**REQUIREMENT**. Repeat exactly the lines of the material below that run from the "王道のグレースラックスパンツを履き出勤する美人なOL。" line to the "В набор входит" line, including both, and do not carry over any pictures.

**RECORDS SHOWN**.

BEGIN

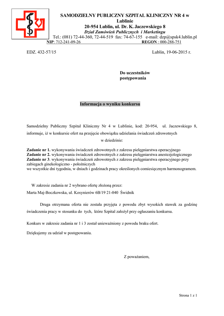 SAMODZIELNY PUBLICZNY SZPITAL KLINICZNY NR 4 w Lublinie 20-954 Lublin, ul. Dr. K. Jaczewskiego 8 Dział Zamówień Publicznych i Marketingu Tel.: (081) 72-44-360, 72-44-519 fax: 74-67-155 e-mail: [email protected] NIP: 712-241-09-26 REGON : 000-288-751 EDZ. 432-57/15 Lublin, 19-06-2015 r. Do uczestników postępowania Informacja o wyniku konkursu Samodzielny Publiczny Szpital Kliniczny Nr 4 w Lublinie, kod: 20-954, ul. Jaczewskiego 8, informuje, iż w konkursie ofert na przejęcie obowiązku udzielania świadczeń zdrowotnych w dziedzinie: Zadanie nr 1. wykonywania świadczeń zdrowotnych z zakresu pielęgniarstwa operacyjnego Zadanie nr 2. wykonywania świadczeń zdrowotnych z zakresu pielęgniarstwa anestezjologicznego Zadanie nr 3. wykonywania świadczeń zdrowotnych z zakresu pielęgniarstwa operacyjnego przy zabiegach ginekologiczno - położniczych we wszystkie dni tygodnia, w dniach i godzinach pracy określonych comiesięcznym harmonogramem. W zakresie zadania nr 2 wybrano ofertę złożoną przez: Marta Maj-Boczkowska, ul. Kosynierów 6B/19 21-040 Świdnik Druga otrzymana oferta nie została przyjęta z powodu zbyt wysokich stawek za godzinę świadczenia pracy w stosunku do tych, które Szpital założył przy ogłaszaniu konkursu. Konkurs w zakresie zadania nr 1 i 3 został unieważniony z powodu braku ofert. Dziękujemy za udział w postępowaniu. Z poważaniem, Strona 1 z 1
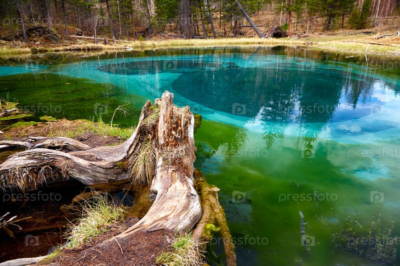 Так называемое голубое гейзерное озеро в горах Алтая
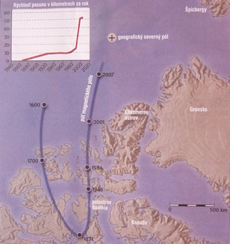 Podľa vedcov sa skutočne niečo deje vo vnútri planéty. Niečo, čo nedokážu jednoznačne vysvetliť. Je dávno známe, že severný magnetický pól nie je totožný so zemepisným pólom. V súčasnosti je rozdiel približne 500 km. Podobne aj na juhu, delí ich v súčasnosti 2500 km. (pozn.: vo fyzikálnom zmysle na severnej pologuli sa nachádza južný geomagnetický pól a naopak. Pre zjednodušenie označujem severný geomagnetický pól ten, ktorý sa nachádza v blízkosti severného geografického pólu.) Začiatkom dvadsiateho storočia zistili vedci, že magnetické póly Zeme pomaly menia svoju polohu. Poloha severného magnetického pólu sa za 400 rokov posunula o niekoľko tisíc kilometrov (pozn.: nedočítal som sa ako na to vedci prišli). Začiatkom dvadsiateho storočia sa menila poloha severného magnetického pólu rýchlosťou asi 5 km za rok. Rýchlosť posunu severného magnetického pólu bola v 20. stor. ustálená na hodnote asi 10 km za rok. Zarážajúce ale je, že v posledných desaťročiach sa pohyb zmeny severného magnetického pólu zrýchľuje. Po roku 1983 sa začala rýchlosť posunu zväčšovať a po roku 1990 sa rýchlosť pohybu výrazne zväčšila. V roku 1994 namerali vedci rýchlosť 15 km za rok. Na prelome tisícročí namerali rýchlosť 50 km za rok. V roku 2007 činil pohyb asi 60 km za rok. (podľa niektorých údajov, ku koncu prvého desaťročia až 65 km za rok). Južný magnetický pól svoju polohu mení rovnomerne a podstatne pomalšie, ako severný magnetický pól, konštantnou rýchlosťou asi 15 km za rok. Rýchlejší pohyb magnetického pólu v posledných rokoch je povrchovým prejavom procesov prebiehajúcich vo vonkajšom jadre Zeme. Pôvod týchto búrlivých procesov však ostáva záhadou. Vedci nedokážu vysvetliť príčinu zrýchleného pohybu severného magnetického pólu, ani príčiny zmien pohybu v minulosti. Existujú len teórie a matematické modely. Podobné zmeny sa odohrali pred asi 780 tisíc rokmi. (spracované podľa článku „Špagety a huby“ z časopisu Kozmos 4/2011, str. 29)
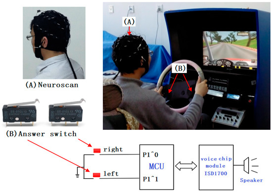 In the experiment, the MRM was used to relieve driver fatigue caused by long-term driving. The hardware of the MRM mainly includes an answer switch, a Micro Control Unit (MCU), a speaker, and a voice chip module (ISD1700) produced by the Information Storage Devices. For the MCU, the model we chosen was the STM32F103RCT6. There are three ways in which fatigue can be relieved by adopting this mode. Firstly, the MCU randomly gives two two-digit numbers through the speaker, which take values from 0 to 100. After hearing these two numbers, the subjects need to calculate the sum of the two numbers and judge whether the sum is three digits. If this sum exceeds three digits, the subjects press the “right” answer switch, otherwise press the “left” answer switch. Secondly, the subjects need to judge whether this sum is divisible by 3. Similarly, subjects need to press the “right” answer switch on the steering wheel if the sum can be divided by 3, otherwise press the “left” answer switch on the steering wheel. The subjects need to complete both responses within 5 s, otherwise, it is regarded as a mistake. Thirdly, the MCU plays cheerful music (Bandari Light Music) for 3 s through the speaker if the response is correct, otherwise, the speaker plays an error warning sound (Siren Vintage Sounds). In the experiment, the MCU continuously raises questions. This fatigue-relieving operation mode (MRM) was repeatedly executed until the end of the driving experiment in the MRM. In the experiment, the data acquisition needed to stop responding to eliminate interference.
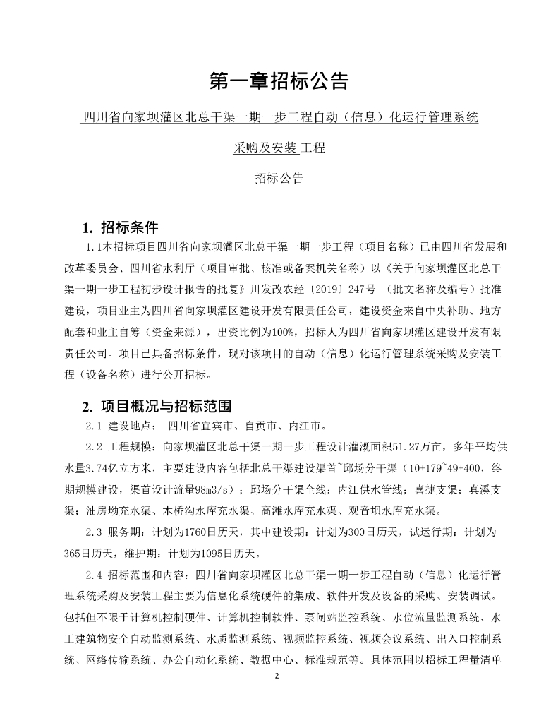 智慧水利-四川省向家坝灌区北总干渠一期一步工程自动(信息)化运行管理系统招标文件.pdf
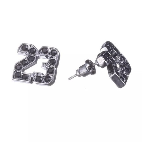 Michael Jordan Earrings 23 Jumpman Earring - Silver - Plated Black Rhinestones Metal Stud
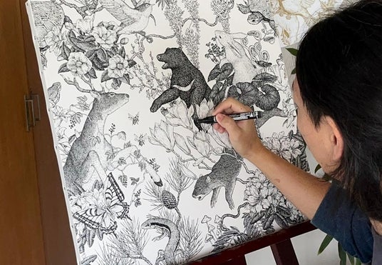 「調和・交わり」をテーマに、モノクロのペンによる細かな描き込みで動植物の群像を表現する、村山大明。日本の森に住む生き物たちが自由に交わり合う世界が細密に表現されています。
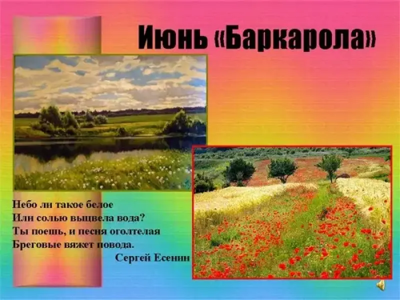 Вот и наступило лето. О чём же рассказывает музыка "Июня"? П. И. Чайковский назвал пьесу "Баркаролой". Слово это родилось в Италии, и переводится оно "лодочная" или "песня в лодке", потому что "барка", по-итальянски и означает "лодка". Тот, кто пробовал петь в лодке на озере, море знает, что голос на воде звучит особенно звонко и песня разносится далеко-далеко.
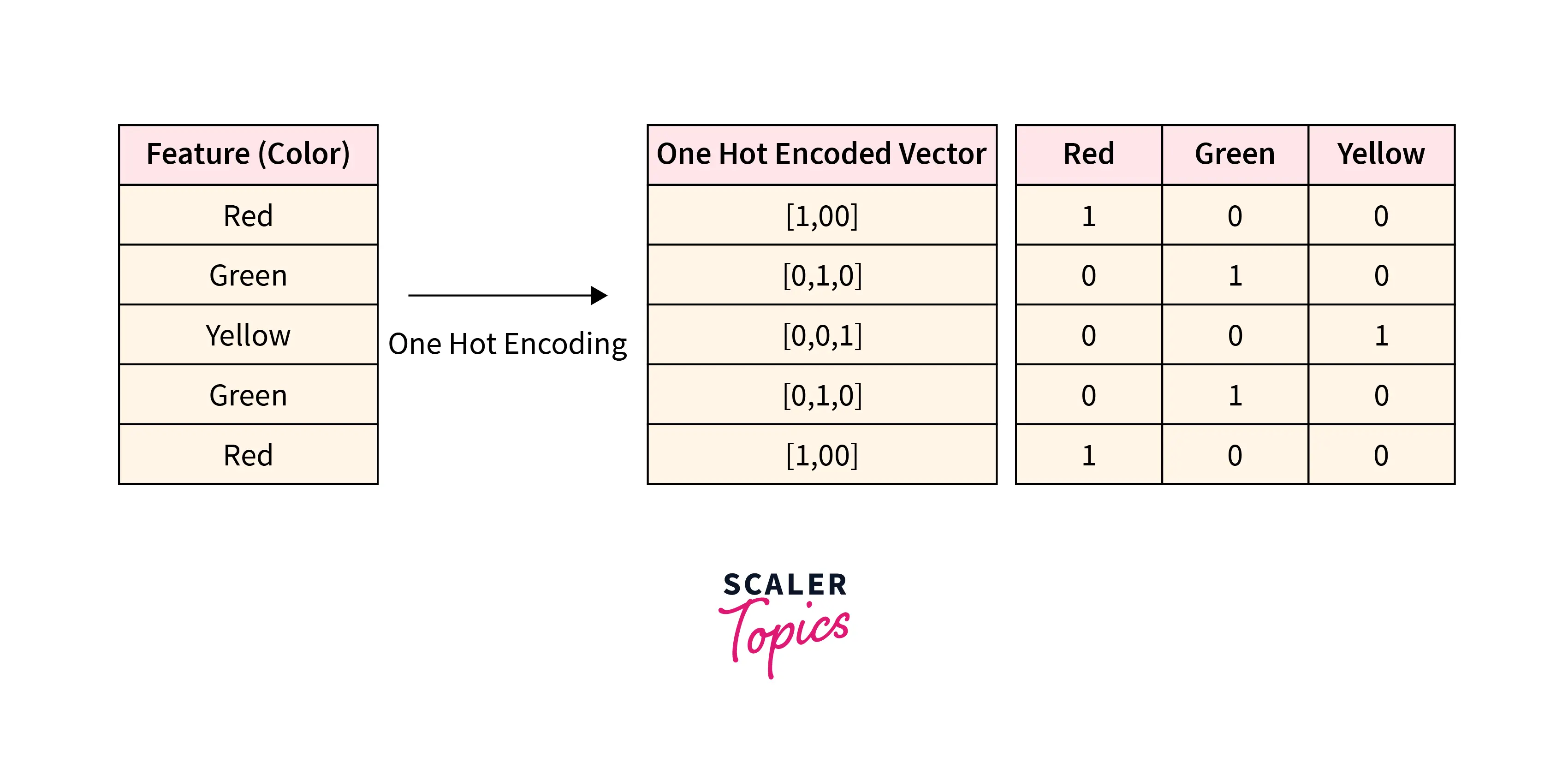 Let’s take an example to understand One Hot Encoding better. Suppose we have a categorical feature color, as mentioned in the below diagram, and it consists of 3 categories Red, Green, and Yellow. For each data point, One Hot Encoding will produce a numeric vector of length 3 and its ith value will be 1 representing ith category in the value set - (Red, Green, Yellow). For example, if the data point belongs to Red color, then One Hot Encoded vector would be [1,0,0] and it will be [0,1,0] and [0,0,1] if the data point belongs to Green or Yellow color respectively. The resulting vector can also be converted into multiple columns in the data frame, as shown on the right side of the below diagram.
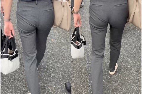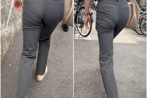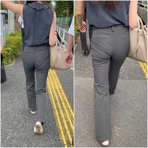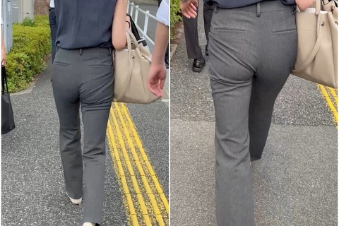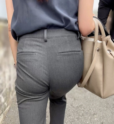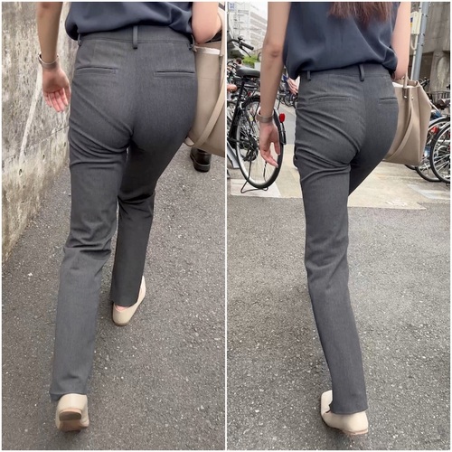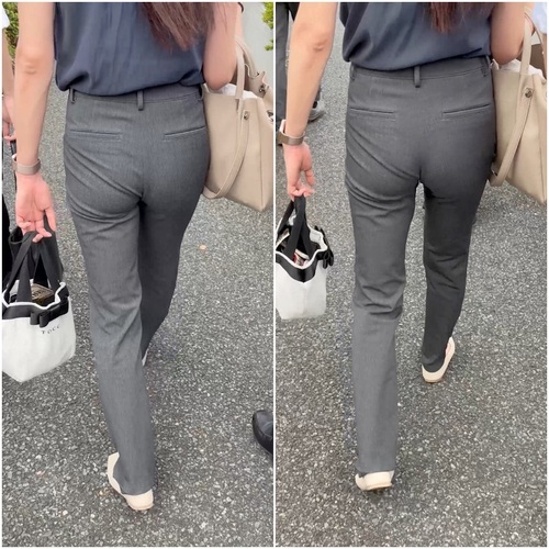 王道のグレースラックスパンツを履き出勤する美人なOL。
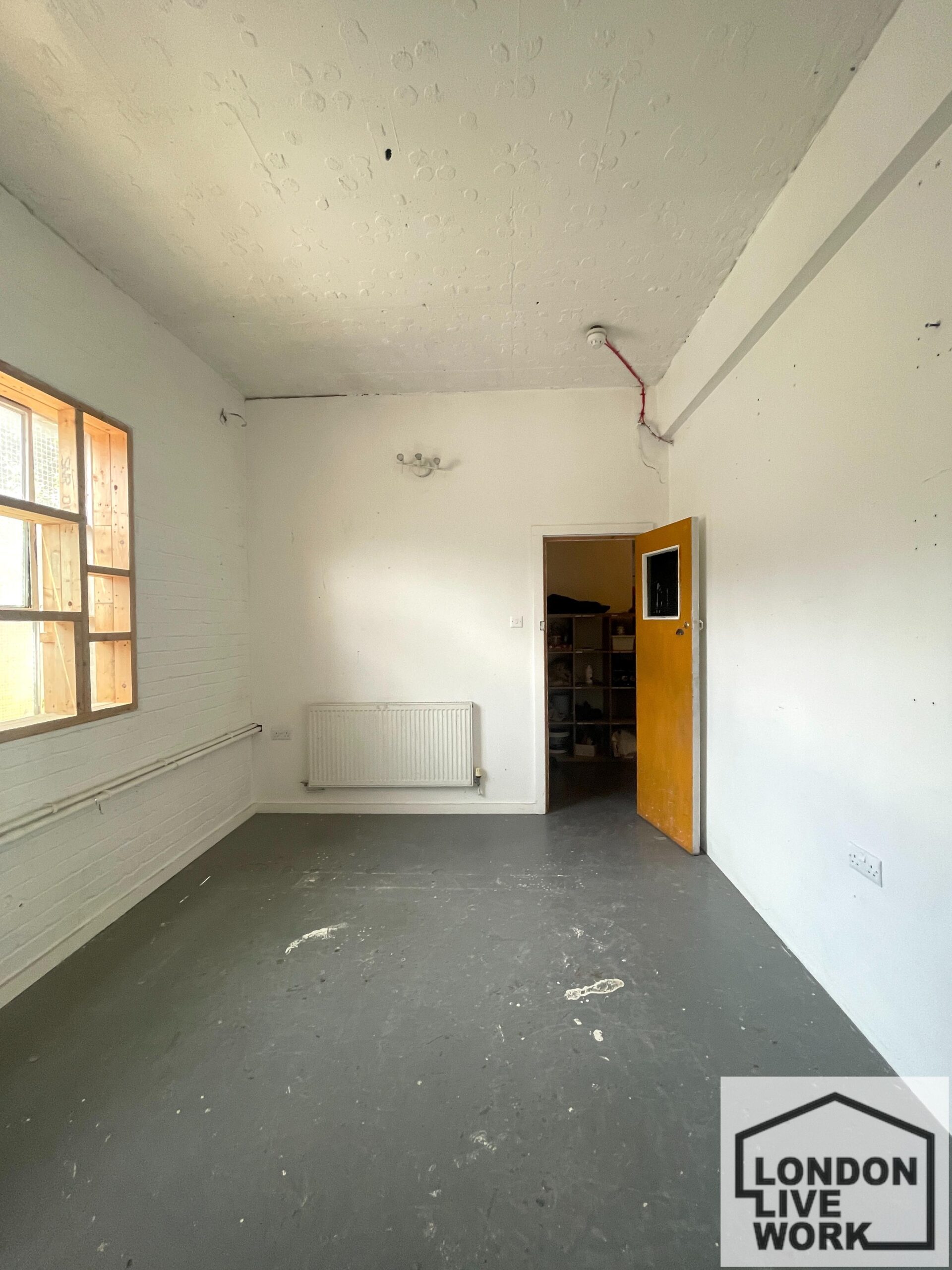A bright and airy artist studio is available to rent in a converted warehouse on Markfield Road, just a short walk from Seven Sisters and Tottenham Hale stations. Situated on the 1st floor, the space offers 125 sq ft with white walls and a large window providing plenty of natural light – perfect for creatives who thrive in an inspiring work environment.
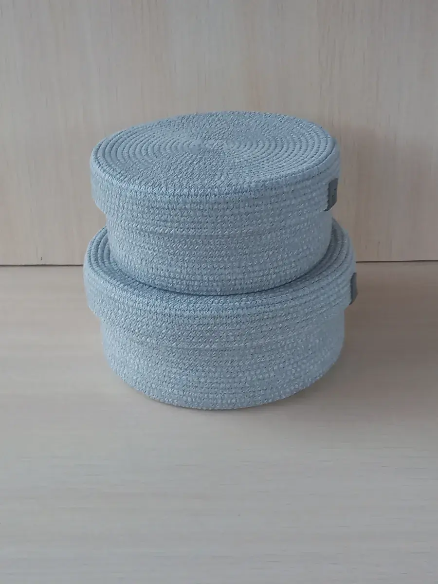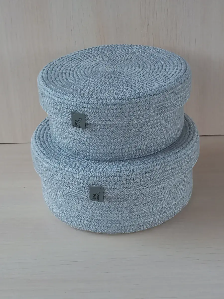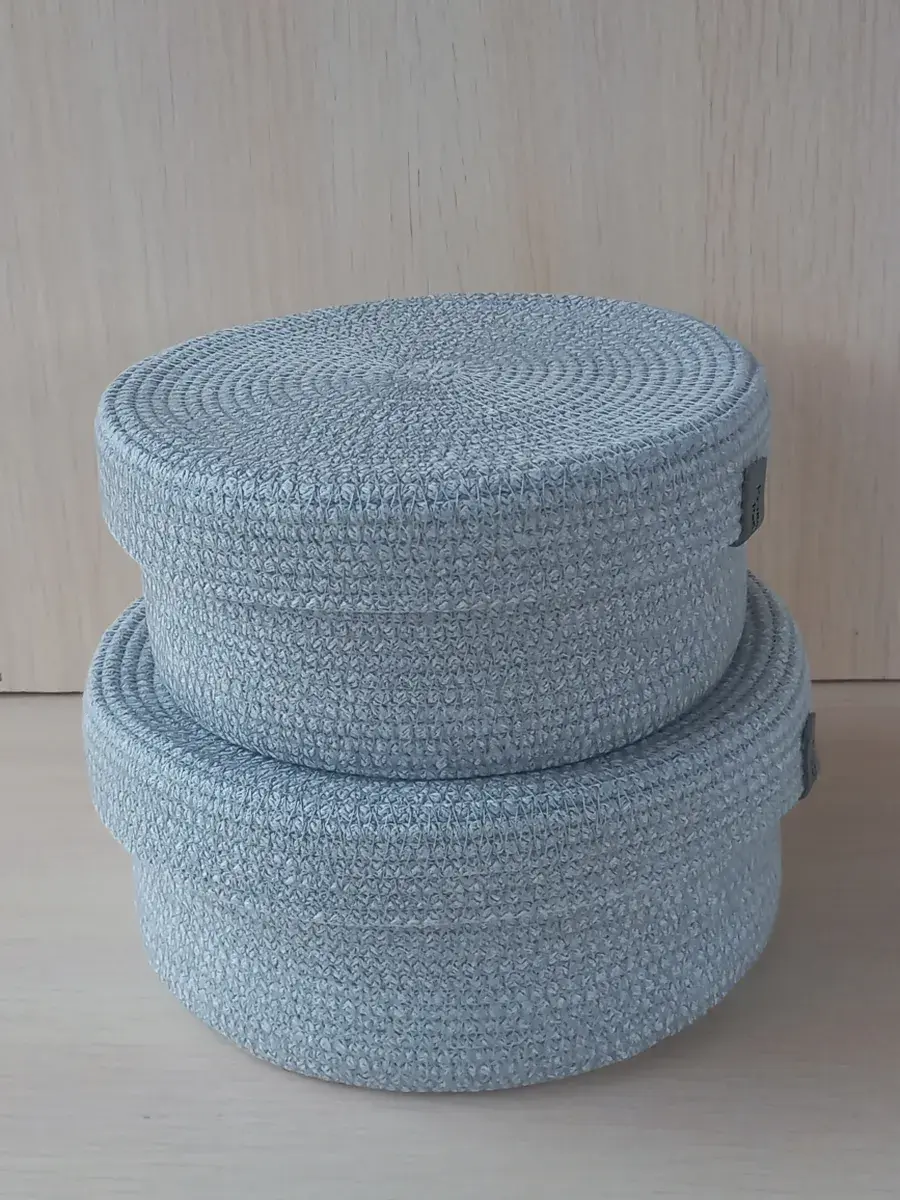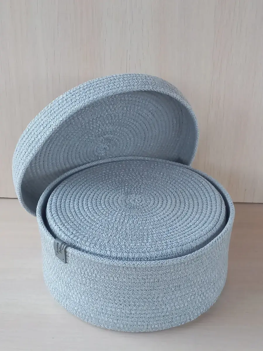 В набор входит две корзинки разного размера, что позволяет организовать хранение вещей разного объема и размера. В комплект входит 1 корзинка размером 20*20 см с крышкой, вторая - размером 17*17 см с крышкой. Например, вы можете использовать большую емкость для хранения фруктов, среднюю - для аксессуаров или косметики, крышки можно использовать как отдельные корзины - для мелочей, которые всегда должны быть под рукой.
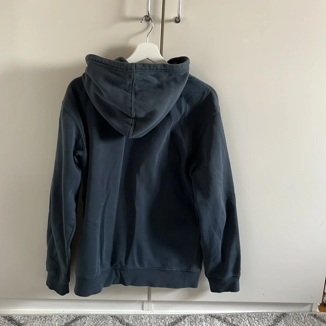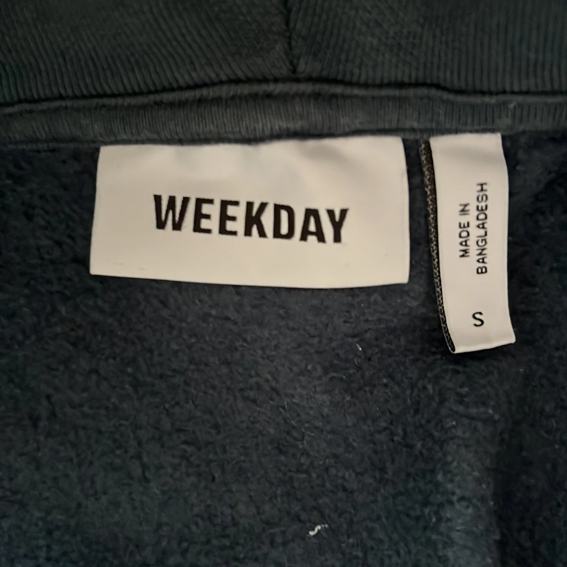 Säljer en stilren mörkgrå hoodie från Weekday. Den har en dragkedja framtill och en praktisk huva med snörning. Perfekt för en avslappnad look. Två fickor framtill för extra bekvämlighet. Jag är 194 cm och den är lite liten så om man har storlek M så passar den
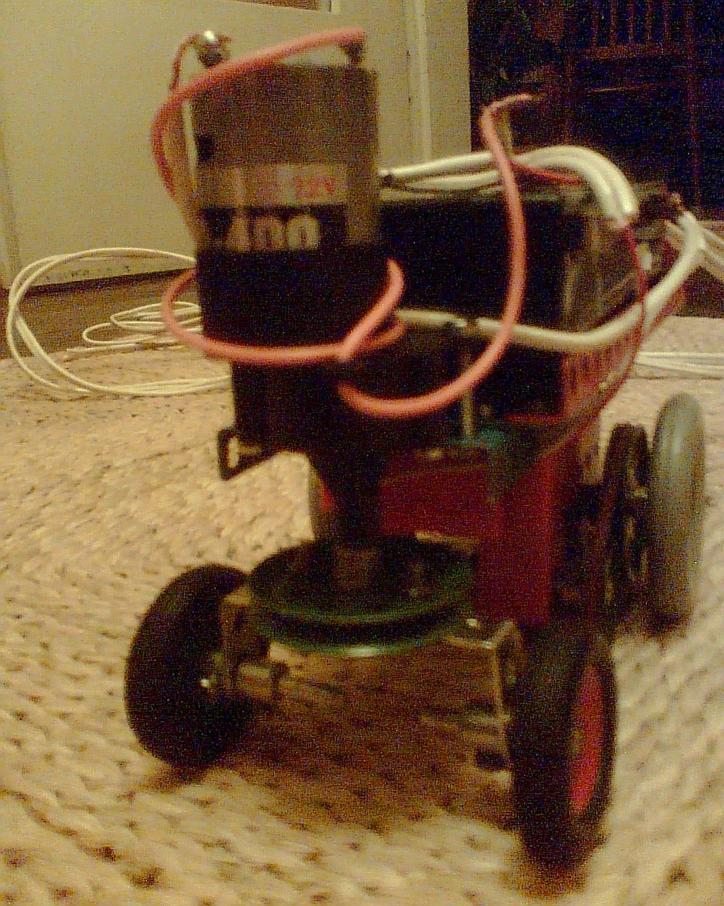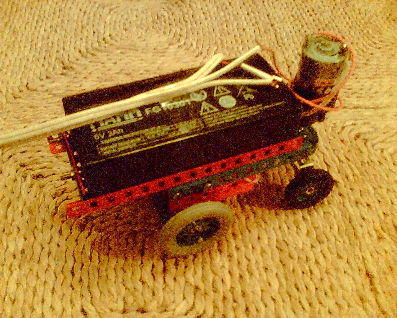 Tady je vidět, jak vypadá. Má dva motory, jeden hnací, druhý zátáčecí. Na korbě si robot veze 6V 3Ah akumulátor, který dodává celému komplexu energii. Je shopen pohybu do všech stran. Řízen je zatím velmi provizorně pomocí čtyř kabelů.

END

**EXERCISE RESULT**.
 王道のグレースラックスパンツを履き出勤する美人なOL。
A bright and airy artist studio is available to rent in a converted warehouse on Markfield Road, just a short walk from Seven Sisters and Tottenham Hale stations. Situated on the 1st floor, the space offers 125 sq ft with white walls and a large window providing plenty of natural light – perfect for creatives who thrive in an inspiring work environment.
 В набор входит две корзинки разного размера, что позволяет организовать хранение вещей разного объема и размера. В комплект входит 1 корзинка размером 20*20 см с крышкой, вторая - размером 17*17 см с крышкой. Например, вы можете использовать большую емкость для хранения фруктов, среднюю - для аксессуаров или косметики, крышки можно использовать как отдельные корзины - для мелочей, которые всегда должны быть под рукой.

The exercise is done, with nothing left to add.